Allergic reactions to rubber products are usually caused by antioxidants and accelerators added in the manufacturing process, rather than the rubber itself. Antioxidants help preserve the rubber, and accelerators help in the vulcanization process. Exposure to rubber in gloves, shoes, undergarments, tires, heavy-duty rubber goods, and sport goggles is common.
The typical eruption from poison ivy includes erythema, edema, papules, vesicles, and bullae. Linear streaks as in this patient are characteristic but are not always present. Initial yellow crusts are dried serum from ruptured bullous lesions and not evidence of infection. Oleoresin (urushiol), which exudes from damaged areas of poison ivy, poison oak, and poison sumac, turns black after exposure to air. Fresh oleoresin on the skin dries and may be observed as black smudges or spots.

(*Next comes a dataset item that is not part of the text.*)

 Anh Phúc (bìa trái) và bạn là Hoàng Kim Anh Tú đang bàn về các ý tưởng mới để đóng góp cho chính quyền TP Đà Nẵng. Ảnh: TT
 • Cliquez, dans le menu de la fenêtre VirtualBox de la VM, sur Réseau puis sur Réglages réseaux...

When limes are squeezed into beverages, excess juice remains on the skin. Many other foods can cause similar reactions, i.e. the phytophotodermatitis. Sun exposure of this lime juice produces areas of dermatitis or hyperpigmentation. Perfumes are also common sources of photo contact dermatitis.

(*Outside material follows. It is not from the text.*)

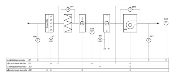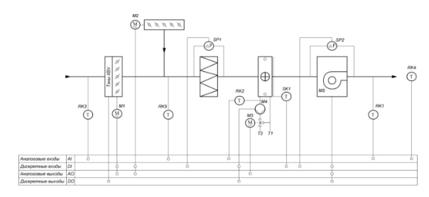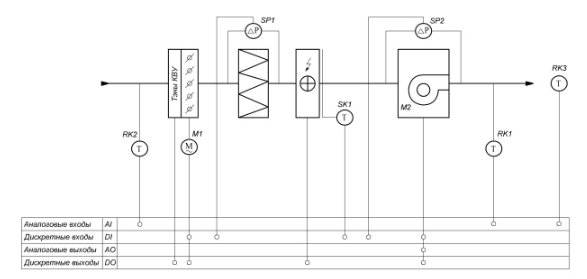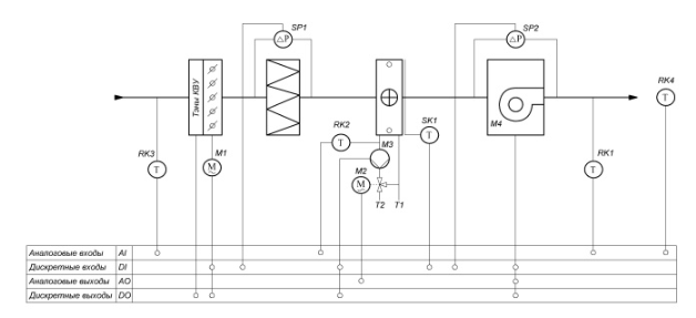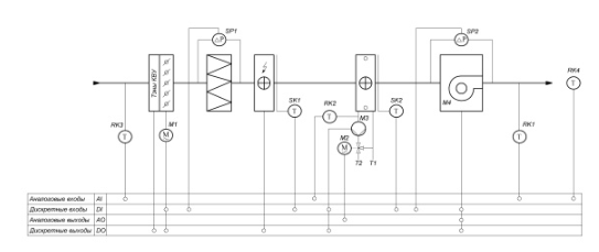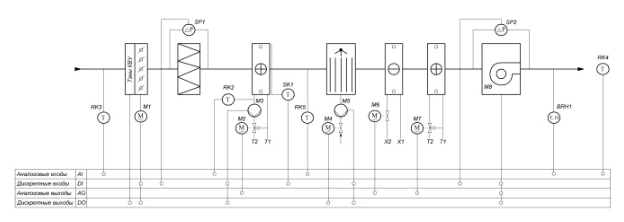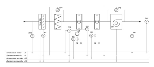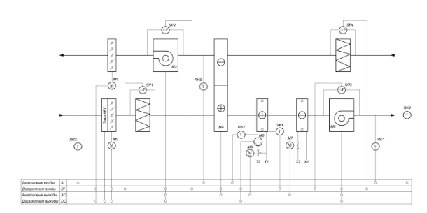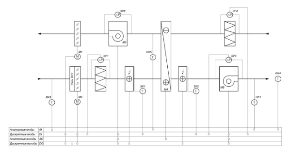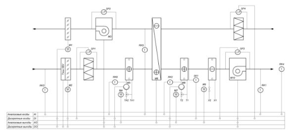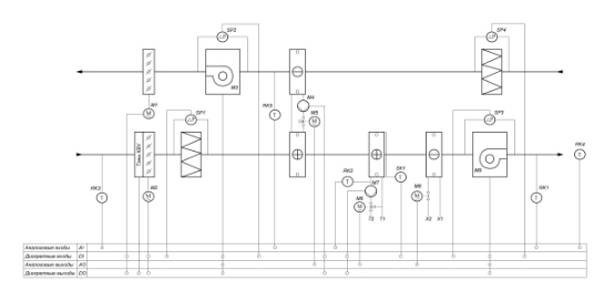 Система автоматики с пластинчатым теплоутилизатором и двухступенчатым водяным нагревателем и водяным охладителем СА-6

Most common moisturizers contain various additives and preservatives. The list of ingredients on this bottle is not uncommon, and most of these agents are capable of causing allergic contact dermatitis. Patch testing with dilute concentrations of the individual ingredients can be used to identify the agent that is a problem for any particular patient.
Areas of acute contact dermatitis respond well to cool compresses and wound care. Moist compresses are soothing, have a mild antipruritic effect, reduce serous drainage, and gently debride the wound. Clean water, isotonic sodium chloride solution, and Burow solution all can be used. Compresses should be kept moist at all times. Wet-to-dry compresses are painful and destroy fragile tissues. Following moist compress applications for 5-10 minutes, affected sites should be gently cleared of loose crusts and a thin coat of Vaseline or antibacterial ointment should be applied.

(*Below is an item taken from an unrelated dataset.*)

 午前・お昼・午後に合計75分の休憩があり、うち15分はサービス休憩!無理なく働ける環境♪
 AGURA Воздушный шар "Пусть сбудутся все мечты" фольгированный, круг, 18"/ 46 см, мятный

Urticaria, also known as hives or whelps, involves edematous pale or pink plaques. Agents can produce urticaria by immunologic reactions, by nonimmunologic reactions, or by unknown mechanisms. Nonimmunologic reactions are most common. Other types of environmentally associated urticaria must be excluded. This is an example of cold urticaria produced by application of an ice cube to the dorsum of the arm.
Prolonged use of moderate- to high-potency topical steroids may cause skin atrophy or steroid acne. This patient used a moderate-strength steroid, triamcinolone 0.1%, in this area for several weeks. Steroid acne, also called steroid rosacea, has a classic appearance with monomorphic erythematous papules. If the steroid is discontinued, the condition usually worsens. Patients must understand that symptoms worsen before they improve, and several weeks or months are required to taper off this steroid.
This purpuric reaction was noted after application of eutectic mixture of local anesthetics (EMLA) for 1 hour. EMLA cream is widely used as a local anesthetic for superficial procedures. Blanching and redness are commonly observed side effects. Dramatic purpuric reactions to EMLA, as in this patient, have been reported. Patch test results in these patients with the individual ingredients of EMLA cream, EMLA cream itself, placebo cream, and Tegaderm are negative. Apparently, the purpuric reaction is not of an allergic nature, but the cream may have a toxic effect on the capillary endothelium.